*** Given entries ***

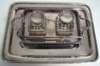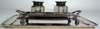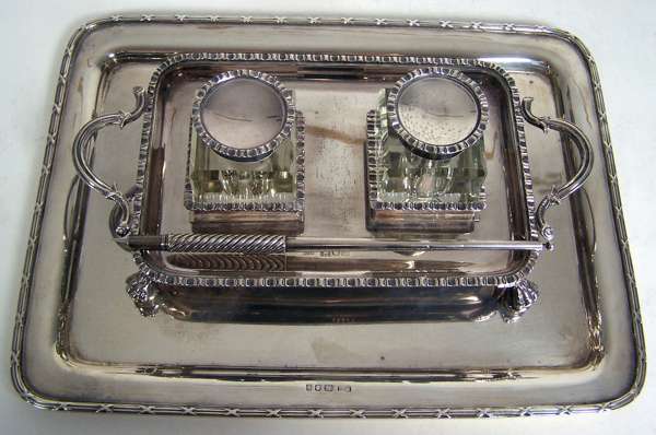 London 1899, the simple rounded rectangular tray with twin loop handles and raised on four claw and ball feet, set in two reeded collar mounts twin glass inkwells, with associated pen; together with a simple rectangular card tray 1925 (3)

***
*** Given entries ***

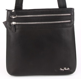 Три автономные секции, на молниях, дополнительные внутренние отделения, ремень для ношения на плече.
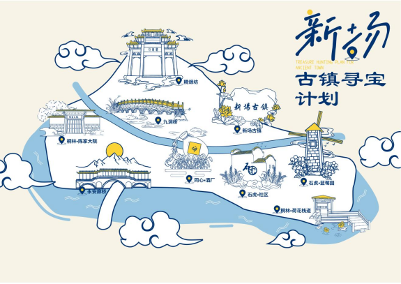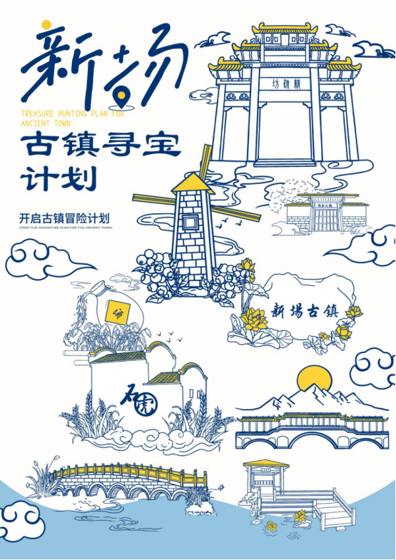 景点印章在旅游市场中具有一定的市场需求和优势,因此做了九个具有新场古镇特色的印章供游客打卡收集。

***
*** Given entries ***

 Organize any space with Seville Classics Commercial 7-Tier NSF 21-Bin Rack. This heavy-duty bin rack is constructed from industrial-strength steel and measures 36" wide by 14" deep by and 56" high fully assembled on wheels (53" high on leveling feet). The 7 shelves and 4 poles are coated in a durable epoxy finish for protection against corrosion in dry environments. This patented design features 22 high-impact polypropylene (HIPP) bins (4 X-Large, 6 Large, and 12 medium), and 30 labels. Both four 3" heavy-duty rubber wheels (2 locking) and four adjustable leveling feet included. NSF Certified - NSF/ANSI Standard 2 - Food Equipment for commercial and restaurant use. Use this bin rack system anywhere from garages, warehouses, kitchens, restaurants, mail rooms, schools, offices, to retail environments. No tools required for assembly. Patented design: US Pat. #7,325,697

***

What you write must match the listing exactly, from the line with "Три автономные секции, на" up to and including the line with "景点印章在旅游市场中具有一定". Pictures stay out.

- _Answer space_
 Три автономные секции, на молниях, дополнительные внутренние отделения, ремень для ношения на плече.
 景点印章在旅游市场中具有一定的市场需求和优势,因此做了九个具有新场古镇特色的印章供游客打卡收集。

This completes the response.